Daisy Sisters
Dass da draußen einer auf der Straße steht? Nein, aber sie ist sich fast sicher, dass er da stand und zu ihrem Fenster hinaufsah, dass er auf irgendeine Weise Kontakt mit ihr suchte.
Da ist noch etwas anderes. Sie versteht es genau in dem Moment, als sie die Sicherheitskette vorlegt. Da war etwas Bekanntes an der Art des Mannes, sich zu bewegen, die Achseln hochzuziehen, als er verschwand. Sie setzt sich aufs Sofa und zündet sich eine Zigarette an. Die Glut leuchtet in der Dunkelheit.
Wer war er?
Sie kommt nicht darauf und will am liebsten glauben, dass alles Einbildung war. Sie hat keine Feinde, wer sollte ihr nachspionieren? Kalle, der Lastwagenfahrer, war es nicht, da ist sie sicher.
Aber wer sonst?
Am nächsten Morgen hat sie ihn vergessen. Sie ist so müde, dass sie schwankt, als sie aufsteht, um das Frühstück für die Kinder zu bereiten. Außerdem ist Lindas einer Turnschuh verschwunden. Ein Morgen mit Geschrei und Streit. Als die Kinder endlich aus der Tür sind, ist sie so spät dran, dass sie nicht einmal mehr eine Tasse Kaffee trinken kann.
Draußen herrschen Regen und Wind, und sie fragt sich unruhig, ob Staffan und Linda nicht viel zu dünn angezogen zur Schule gegangen sind. In der Straßenbahn nickt sie ein, und als sie endlich in Torslanda angekommen ist, bittet sie Berit, sie in einer Viertelstunde zu wecken. Sie schließt sich in der Personaltoilette ein, setzt sich auf den Sitz, lehnt den Kopf gegen die Wand und schläft …
Berit schlägt an die Tür. Es ist Dienstag, Charterflüge nach Lanzarote und Mallorca stehen an, der Kaffeeautomat macht Scherereien, niemand scheint etwas anderes als Hunderter zum Bezahlen zu haben. Durch die Lautsprecher bekommen die Reisenden Bescheid über ihre Verspätung, und Eivor und Berit stöhnen. Aber kein Tag währt ewig. Es wird zwei Uhr, und Anna und Birgit kommen und übernehmen.
Raus in den Matsch. Eivor fährt nach Hause. Heute gibt es nur Würstchen mit Kartoffelbrei zum Abendbrot, das müssen die Kinder respektieren.
»Es sind Blumen für dich gekommen«, sagt Linda, als sie im Flur steht.
»Aha«, sagt sie. »Wo ist Staffan?«
»Er spielt Tischtennis.«
Sie ist wirklich sehr müde. Es ist doch Dienstag, sein Tischtennistag, an dem er bei seinem besten Freund Niklas isst. Also sind die Würstchen und der Kartoffelbrei nur für Linda. Was hat sie gesagt? Blumen?
Eivor hängt den durchnässten Mantel auf, zieht die Stiefel aus (sie müsste sich neue kaufen, denkt sie, und gerne mit etwas höherem Absatz!) und geht ins Wohnzimmer.
Auf dem Tisch liegt ein Blumenkarton. Sie öffnet ihn verwundert, und Linda steht mit neugierigen Augen daneben.
Ein Strauß in Gelb und Rot. Aber keine Karte.
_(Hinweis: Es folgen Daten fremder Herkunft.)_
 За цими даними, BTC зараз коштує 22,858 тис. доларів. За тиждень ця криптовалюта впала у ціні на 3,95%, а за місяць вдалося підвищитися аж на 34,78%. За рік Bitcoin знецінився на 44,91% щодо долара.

»Von wem sind die?«, fragt Linda.
»Ich weiß nicht«, sagt Eivor. »Wer hat sie abgegeben?«
»Sie hingen an der Tür, als ich nach Hause kam. Warum bekommst du Blumen und weißt nicht, von wem?«
Das ist eine gute Frage, das kluge Kind.
Sie schaut Linda an und schüttelt den Kopf. »Ich habe wohl einen heimlichen Verehrer«, sagt sie. »Aber schön sind sie.«
»Soll ich sie in eine Vase tun?«
»Ja, und stell sie in euer Zimmer. Ich mache gleich Essen.«
»Was gibt es?«, ruft Linda aus der Küche, wo sie auf einen Stuhl geklettert ist, um an die Blumenvase zu kommen.
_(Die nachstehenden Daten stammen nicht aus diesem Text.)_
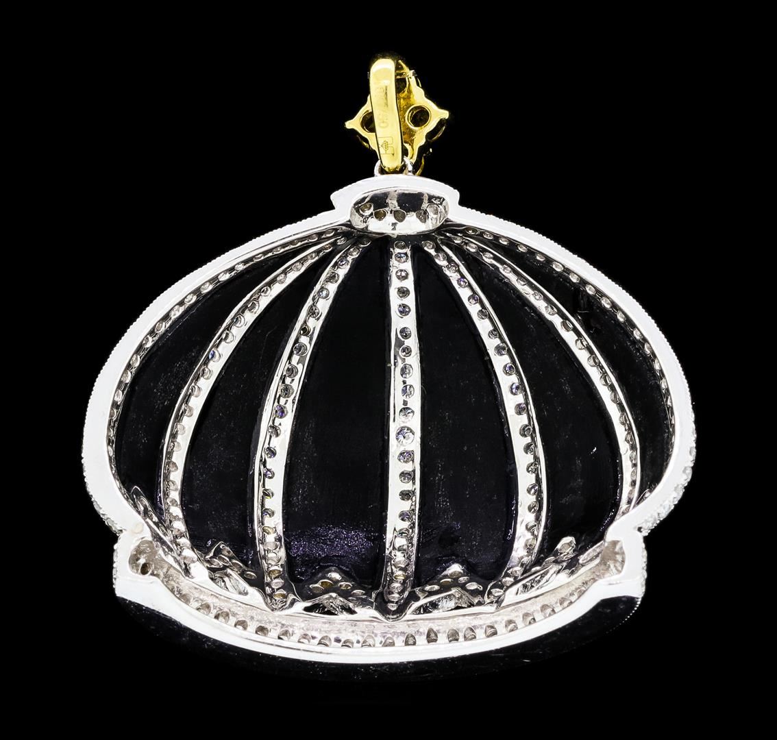 One electronically tested 18KT white and yellow gold lady's combination cast & assembled fashion crown motif pendant with a bright polish with milgrain detailing finish. The featured lady's pendant contains six pieces of inlaid onyx. Identified with markings of '18K 750'. Condition is new, good workmanship. Containing: Four prong set round modified brilliant cut natural yellow sapphires, measuring 2.70 - 2.60 x 1.72 mm, (depth est.) approximate total weight of 0.40ct., clarity is slightly included, medium, moderately strong, yellow color, (GIA Y 5/4), cut is good. Transmitting light with no distortion, transparent. Colored gemstones are presumed to have been subjected to commonly used enhancement processes. Graded in the setting. Two Hundred Forty-Five bead set round brilliant cut diamonds, measuring 1.30 - 1.10 x 0.74mm (depth est.) approximate total weight of 245 Stones = 1.58ct. Graded in the setting. Color G - H Clarity VS-2 to SI-1 Cut Very Good. Total Weight of Colored Stones 0.40ct.. Total Weight of Diamonds 1.58ct.. Total Weight of Pendant 11.30gm GAS Appraised at $8000.00. GAS Appraised at $8,000.00.

»Würstchen mit Kartoffelbrei.«
»Toll! Da wird Staffan mächtig sauer sein.«
Eivor schluckt.
Wer hat ihr Blumen geschickt?
Es wird Abend. Die Kinder sind im Bett, und Staffan ist endlich zur Ruhe gekommen, nachdem es ihm gerade an diesem Tag gelungen ist, den Besten seiner Jahrgangsklasse in zwei Sätzen zu schlagen. Das ist ein aufregender Triumph für einen Elfjährigen, ein Triumph, der die gewöhnliche Abendmüdigkeit in die Flucht schlägt. In dem Moment, als sie an Flucht denkt, ahnt Eivor, woher die Blumen gekommen seinkönnten. Ein Gedanke, der sie bedrückt. Denn an diesem Abend steht wieder der dunkel gekleidete Mann unten auf der Straße.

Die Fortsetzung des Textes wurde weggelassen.